■ Task requirements
The material below contains a line with "Perfeito pra você" and a line with "A la segona". Copy exactly those two lines and all lines between them.

■ Input for this task

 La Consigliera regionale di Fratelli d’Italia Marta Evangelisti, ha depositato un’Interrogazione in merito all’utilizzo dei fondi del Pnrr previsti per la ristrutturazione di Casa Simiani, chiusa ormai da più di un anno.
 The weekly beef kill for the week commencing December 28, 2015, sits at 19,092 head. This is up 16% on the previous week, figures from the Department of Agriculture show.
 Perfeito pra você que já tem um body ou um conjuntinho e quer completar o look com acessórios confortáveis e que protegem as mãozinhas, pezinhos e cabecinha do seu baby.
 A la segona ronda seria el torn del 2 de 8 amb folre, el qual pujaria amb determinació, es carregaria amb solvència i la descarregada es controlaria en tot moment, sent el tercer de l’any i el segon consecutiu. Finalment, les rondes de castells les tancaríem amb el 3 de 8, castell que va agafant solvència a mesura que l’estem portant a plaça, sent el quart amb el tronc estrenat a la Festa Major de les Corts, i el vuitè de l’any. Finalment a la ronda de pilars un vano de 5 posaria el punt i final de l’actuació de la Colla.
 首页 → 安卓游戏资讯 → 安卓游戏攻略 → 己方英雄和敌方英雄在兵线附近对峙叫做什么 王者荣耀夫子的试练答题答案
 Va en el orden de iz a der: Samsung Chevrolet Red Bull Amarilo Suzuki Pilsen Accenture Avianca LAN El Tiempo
* * *
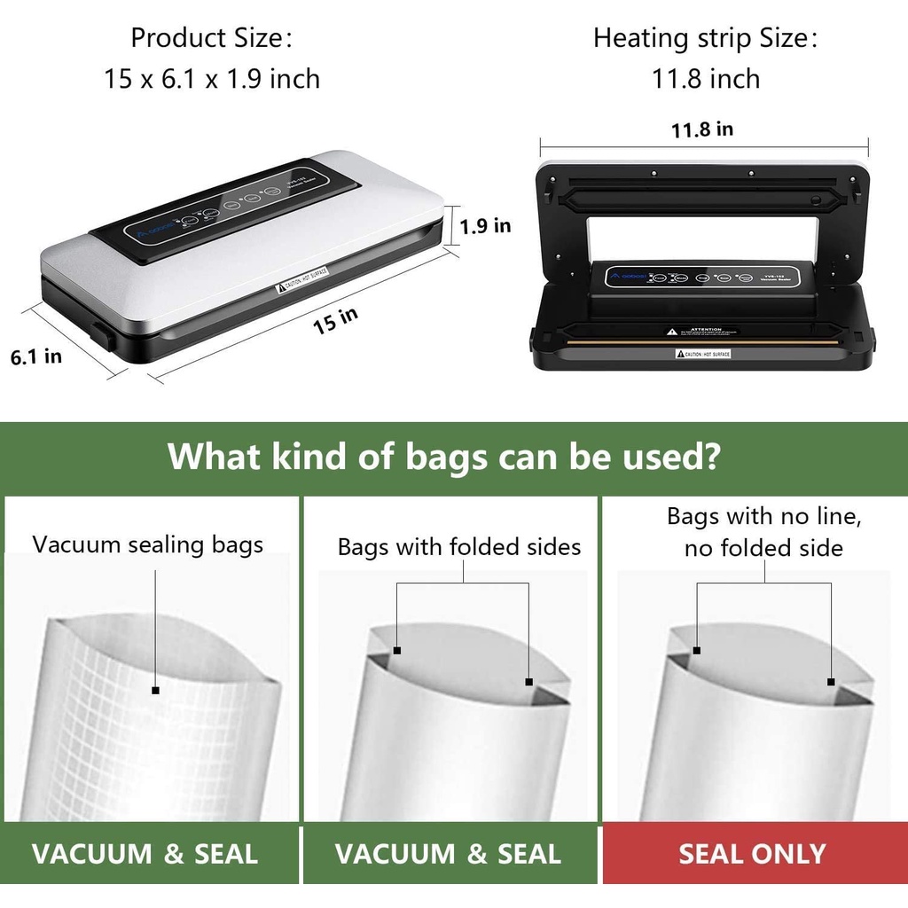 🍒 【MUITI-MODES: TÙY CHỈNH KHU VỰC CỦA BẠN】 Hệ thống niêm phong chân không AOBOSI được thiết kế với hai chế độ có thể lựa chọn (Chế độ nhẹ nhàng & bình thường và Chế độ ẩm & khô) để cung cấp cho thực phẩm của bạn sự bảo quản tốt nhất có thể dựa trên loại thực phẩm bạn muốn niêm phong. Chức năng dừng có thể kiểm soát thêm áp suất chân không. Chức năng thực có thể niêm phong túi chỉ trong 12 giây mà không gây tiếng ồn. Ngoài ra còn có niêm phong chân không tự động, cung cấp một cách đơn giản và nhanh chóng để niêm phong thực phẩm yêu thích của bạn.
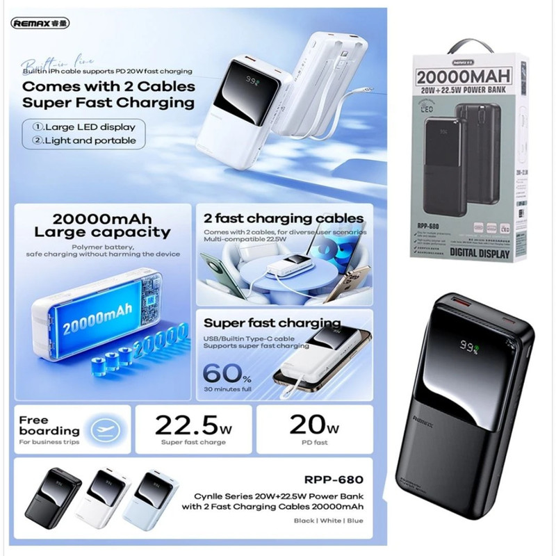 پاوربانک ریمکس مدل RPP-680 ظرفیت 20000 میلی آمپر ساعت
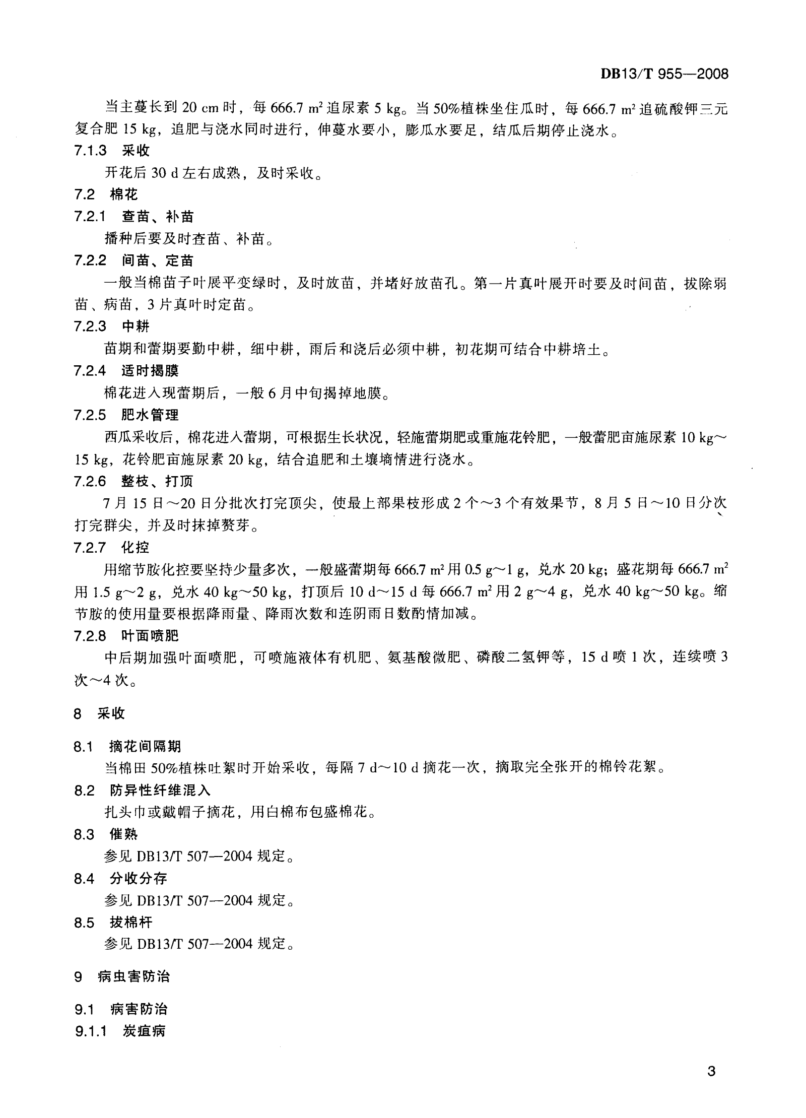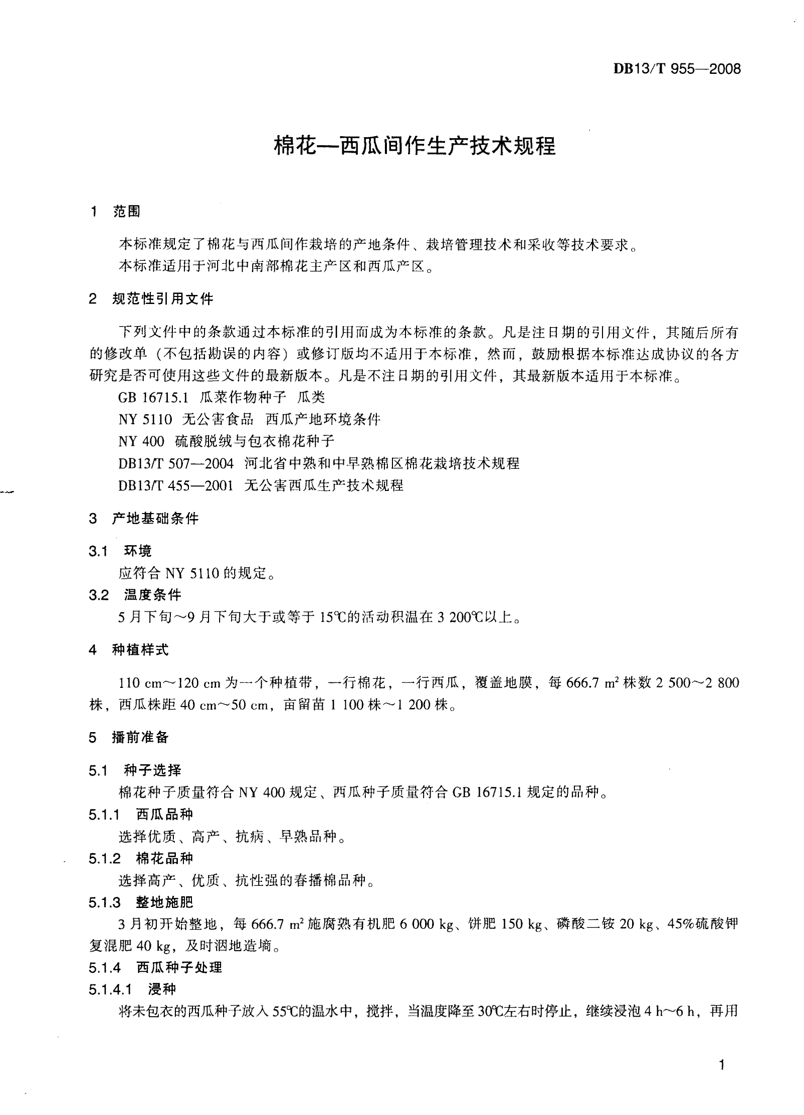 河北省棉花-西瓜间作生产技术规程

■ Task solution
 Perfeito pra você que já tem um body ou um conjuntinho e quer completar o look com acessórios confortáveis e que protegem as mãozinhas, pezinhos e cabecinha do seu baby.
 A la segona ronda seria el torn del 2 de 8 amb folre, el qual pujaria amb determinació, es carregaria amb solvència i la descarregada es controlaria en tot moment, sent el tercer de l’any i el segon consecutiu. Finalment, les rondes de castells les tancaríem amb el 3 de 8, castell que va agafant solvència a mesura que l’estem portant a plaça, sent el quart amb el tronc estrenat a la Festa Major de les Corts, i el vuitè de l’any. Finalment a la ronda de pilars un vano de 5 posaria el punt i final de l’actuació de la Colla.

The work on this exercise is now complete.